If there is a good time to accelerate the transition to renewable energy in the UK this might be it. The dangers of climate change have finally reached widespread awareness and energy prices are going wild due to geopolitics. Of course the transition requires upgrading our methods of electricity generation, but how will that affect the system as a whole? Can we withstand the unpredictability that comes with tying our energy to the sun and wind?

Wind turbines. Credit: EDF Energy

In the past month I interviewed 40 people on the theme of energy flexibility, working along with my partner Eugenio Lupi in the Entrepreneur First startup program. It would be a waste not to share some of the things that we learned! So in two short articles I am planning to cover:

  • Part I: Why flexibility is key to the renewables transition
  • Part II: How commercial buildings can participate in flexibility markets

A typical day of energy usage

It’s a beautiful morning right now in the UK with wind farms providing a bountiful 18 gigawatts of the nation’s electricity needs. Later today as millions of people return home from work and switch on their lights, laundry and television, the total need for energy will increase. It’s nice and windy now but what if the wind dies down in the evening? More electricity will be needed, while less is available!

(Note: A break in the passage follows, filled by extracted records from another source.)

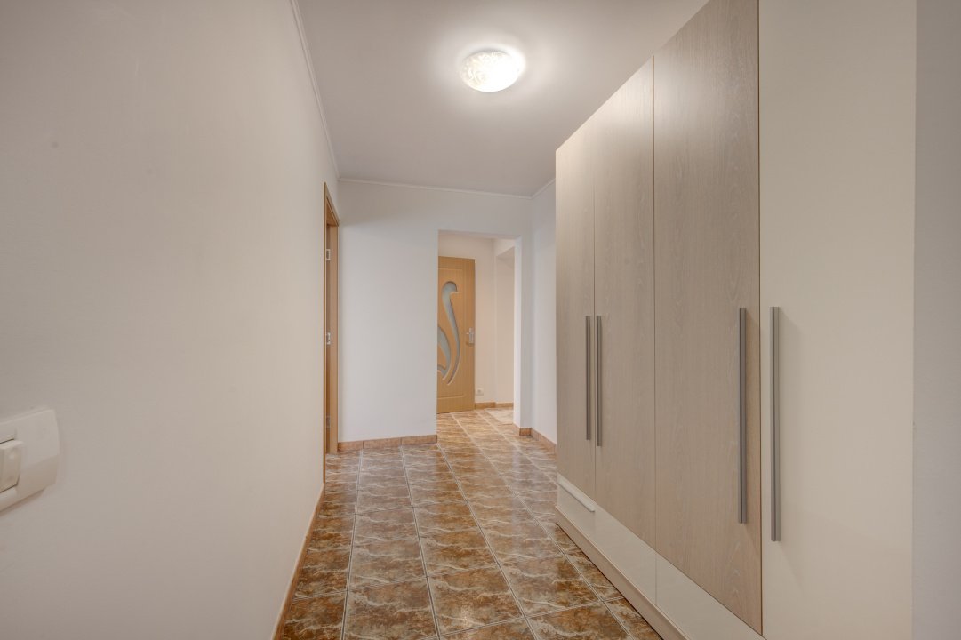 Initial, apartamentul era semidecomandat si sufrageria era camera de trecere spre cele 2 dormitoare. Dar, pentru a fi mai practic, sufrageria a fost separata de hol cu un perete de rigips. Astfel, avem acum un apartament decomandat si un hol spatios, in care ai loc pentru spatii de depozitare.
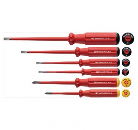 PB 5542 SL, Classic VDE slim screwdriver set, fully insulated up to 1000 V AC/1500 V DC in accordance with IEC/EN 60900. Reduced blade diameter, integrated insulation. Suitable for low-lying screws and spring elements. Slim handle with skin-friendly, non-slip elastomer coating and polypropylene core. For fast turning, for fine-tuning work, space-saving.
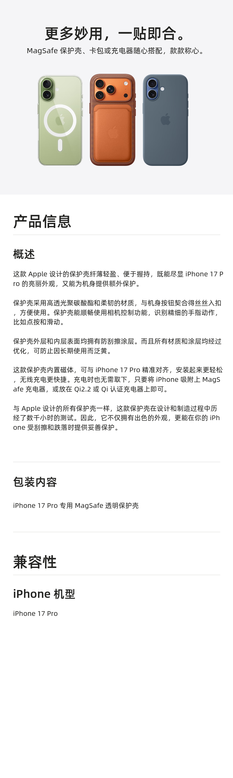 Apple/苹果 iPhone 17Pro透明手机壳 磁吸手机壳苹果17pro手机壳苹果手机壳半包
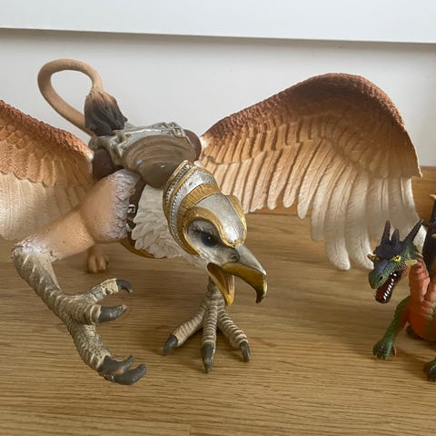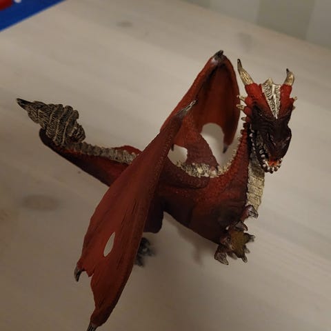 Lohikäärme lelu, jossa on oranssit siivet ja sininen runko. Valmistettu kestävästä materiaalista.
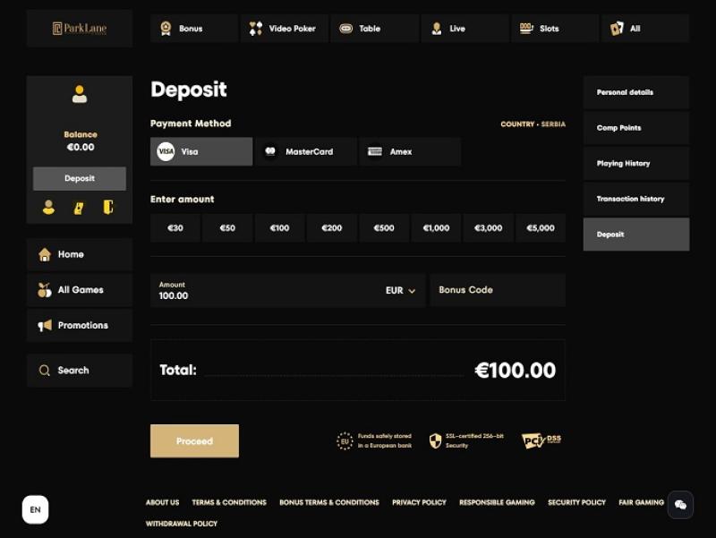 Parklane Casino निम्नलिखित देशों के खिलाड़ियों को स्वीकार नहीं करता है: Alabama, अलास्का, एरिज़ोना, अर्कांसस, ऑस्ट्रेलिया, कैलिफोर्निया, कोलोराडो, कनेक्टिकट, डीसी, डेलावेयर, डेनमार्क, फ्लोरिडा, जॉर्जिया, हवाई, इडाहो, इलिनोइस, इंडियाना, आयोवा, इज़राइल, कान्सास, केंटकी, लुइसियाना, मैंने, मैरीलैंड, मैसाचुसेट्स, मिशिगन, मिनेसोटा, मिसिसिपी, मिसौरी, MONTANA, नेब्रास्का, नीदरलैंड, नेवादा, न्यू हैम्पशायर, न्यू जर्सी, न्यू मैक्सिको, न्यूयॉर्क, उत्तरी केरोलिना, नॉर्थ डकोटा, ओहियो, ओकलाहोमा, ओंटारियो, ओरेगन, पेंसिल्वेनिया, रोड आइलैंड, सिंगापुर, दक्षिण कैरोलिना, दक्षिणी डकोटा, टेनेसी, टेक्सास, टर्की, संयुक्त राज्य अमेरिका, यूटा, वरमोंट, वर्जीनिया, वाशिंगटन, वेस्ट वर्जीनिया, विस्कॉन्सिन और व्योमिंग.
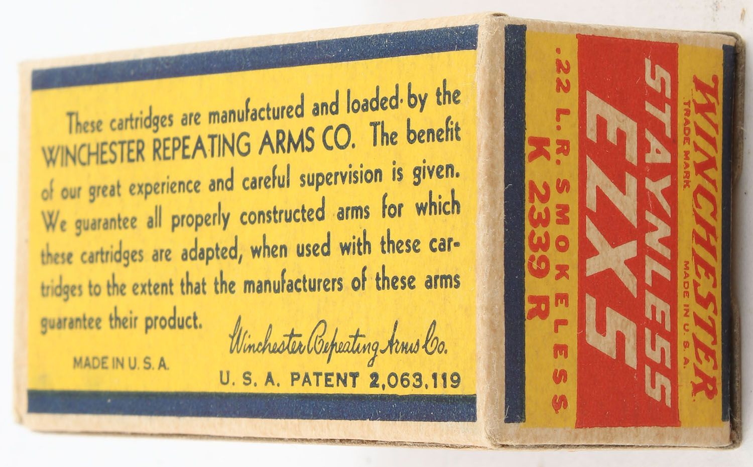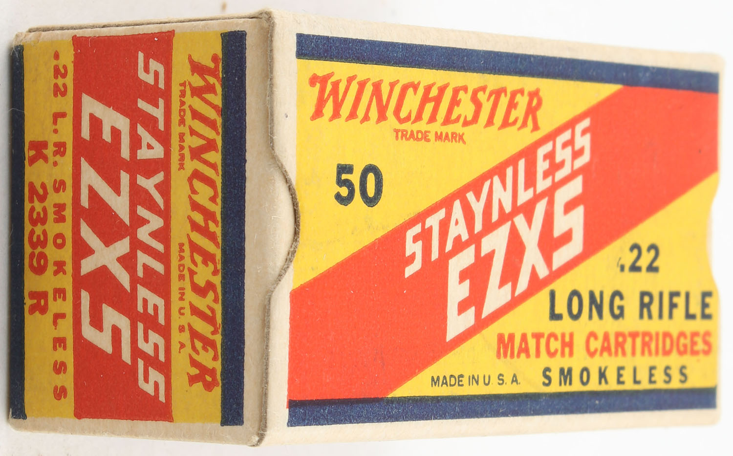 Winchester, Staynless EZXS, .22 Long Rifle, Match Cartridges, RHWeb: WRA-54 LR-5, Full, 1pc. Yellow red & blue box, box is solid with excellent color, very minor age soiling, corners are mostly sharp, edges are crisp, end flaps are solid, ammo is excellent. Grade: Excellent ++ - Value: 80 to 120
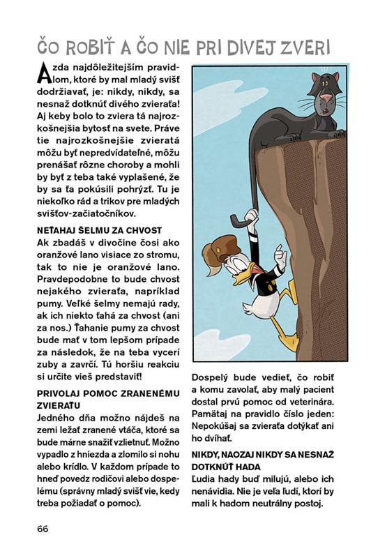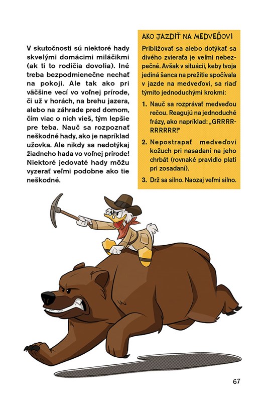 Hui, Dui a Lui, synovci strýka Držgroša a hrdinovia známeho televízneho seriálu pre vás pripravili túto skvelú príručku, ktorá vám pomôže v bežnom živote, ale aj pri riešení tých najneuveriteľnejších záhad. Naučí vás, ako sa orientovať bez kompasu, zbaviť sa otravného hmyzu či vyrobiť si skvelú masku. Nechýba ani pár dobrých rád, ako slušne stolovať, a hodiť sa môže i správna finta, ako plávať v mori... peňazí! A to nie je všetko. Knižka je plná ďalších zaujímavých informácií, tipov a návodov podaných svižne a s humorom.
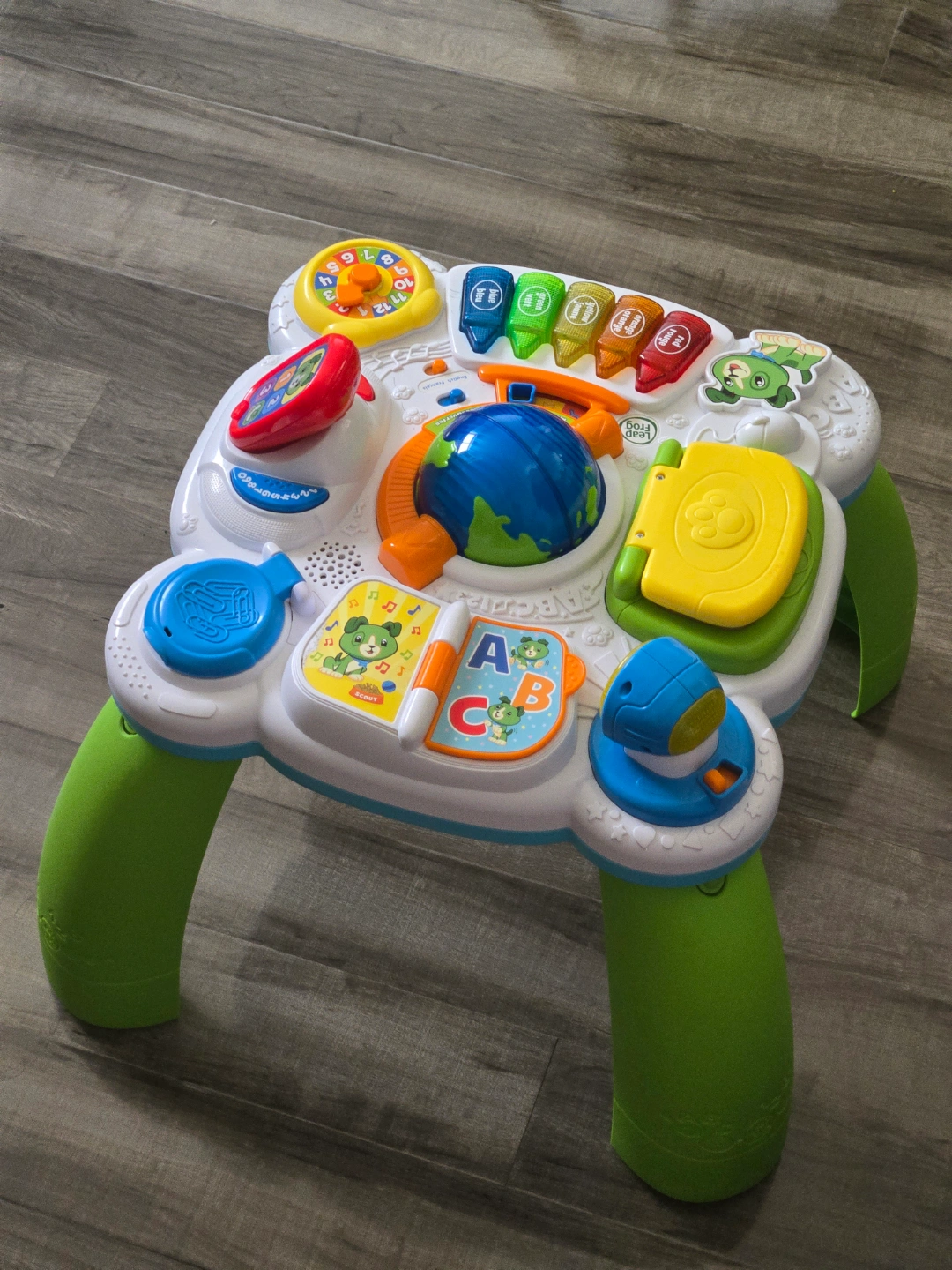 Interactive learning table for toddlers. Features lights, sounds, and various activities. Great for developing fine motor skills and learning colours, numbers, and letters. Green and white colour scheme. Used condition.
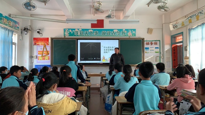 盧主任首先拋出問題“世界上什么東西最寶貴?”來引出話題“生命”,從孩子們學(xué)過的課文聊起,讓他們認識生命是神奇的偉大的。從生命的起源談起,讓他們懂得要珍愛生命、敬畏生命。通過視頻分享,引導(dǎo)學(xué)生感悟生命,保護自己的生命,不拿生命賭氣。盧主任還分享另外一個學(xué)校制作的視頻告訴孩子們:生活中我們會遇到各種各樣的困難,我們不僅要面對并解決還要珍愛生命,讓生命精彩地綻放!授課中,一幅幅圖片,喚醒了學(xué)生們對生命的理解;一次次互動,表達了學(xué)生們熱愛生命的心聲;一個個事例,激發(fā)了學(xué)生們直面挫折的決心。六(1)班學(xué)生認真聆聽,各抒己見,受益匪淺。
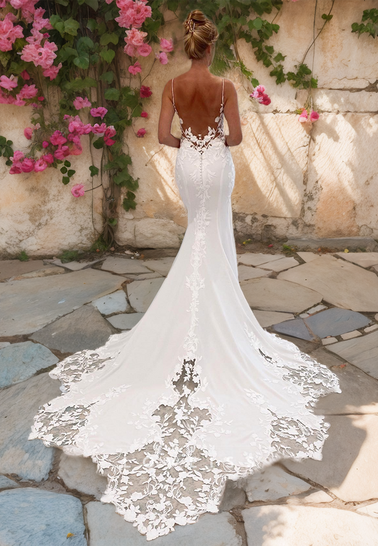 V-Neck Straps Appliques Mermaid Elegant Wedding Dress
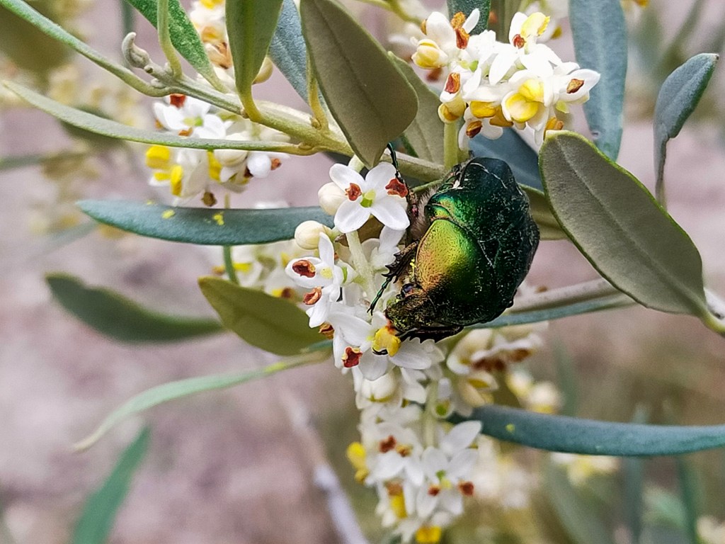 Avec un mois d’avril sec, trop sec, nous avions peur que la floraison soit très limitée. Heureusement, le mois de mai a été un peu plus humide et les oliviers ont trouvé les ressources nécessaire pour faire des fleurs. Si nous étions contents de voir enfin arriver la pluie, nous avons commencé à pleurer quand celle-ci s’est déchainée pendant les deux semaines de floraison (20 mai – 3 juin). Le comble après des mois sans une seule goutte ! Ceci combiné à l’absence de vent, nous nous attendions au pire en terme de pollinisation. Alors, remplis de l’énergie du désespoir, nous sommes allés secouer les oliviers, un par un, entre deux averses, pour que le pollen s’envole et féconde les oliviers environnant. Bilan : une pollinisation pas si mauvaise ! Un peu de millerandage (grappes de mini-olives qui ne se développerons pas), mais surtout une fructification réussie sur quasiment tous les oliviers. Ouf !

The chart below from the energy provider Octopus shows day-by-day patterns of total energy demand and supply of renewables. Despite a fairly regular pattern in energy usage, the renewable energy might supply anywhere from 10 to 90% of that depending on the day and time.

Illustrative example of renewable supply and energy demand. Source: Octopus Energy.

The role of flexibility

National Grid ESO is always carefully monitoring the frequency of the AC signal in the power lines to sense when things may be going out of balance. Making use of real-time data and forecasting, it can plan the ramping up and down of energy as the price varies. This ability of the grid to stay in balance is called flexibility.

Flexibility in a nutshell.

Any energy consuming or producing asset can contribute to flexibility if it responds to energy prices as the diagram above shows. Conventionally, the largest source of flexibility in our grid is gas turbine power plants. They can reliably be turned on and off, despite being inefficient and very carbon intensive. A more modern approach is to use batteries for flexibility. Batteries are also highly reliable and more sustainably, however batteries are expensive. There is no perfect solution—creativity is needed to solve the flexibility problem as a whole.

A battery pack is an example of energy flexibility. Source: Tesla

The future of flexibility

As our energy system develops, large amounts of flexibility will need to be added quickly. Need for flexible electricity storage in Great Britain alone is expected to increase from 1.6GW now to 15GW¹ in 2030 and 35GW in 2050 according to National Grid ESO². Keep in mind that each flexibility source has a power rating, total energy capacity, and ramp-up time, which means that a variety of types of flexibilities sources will be needed to make this useful.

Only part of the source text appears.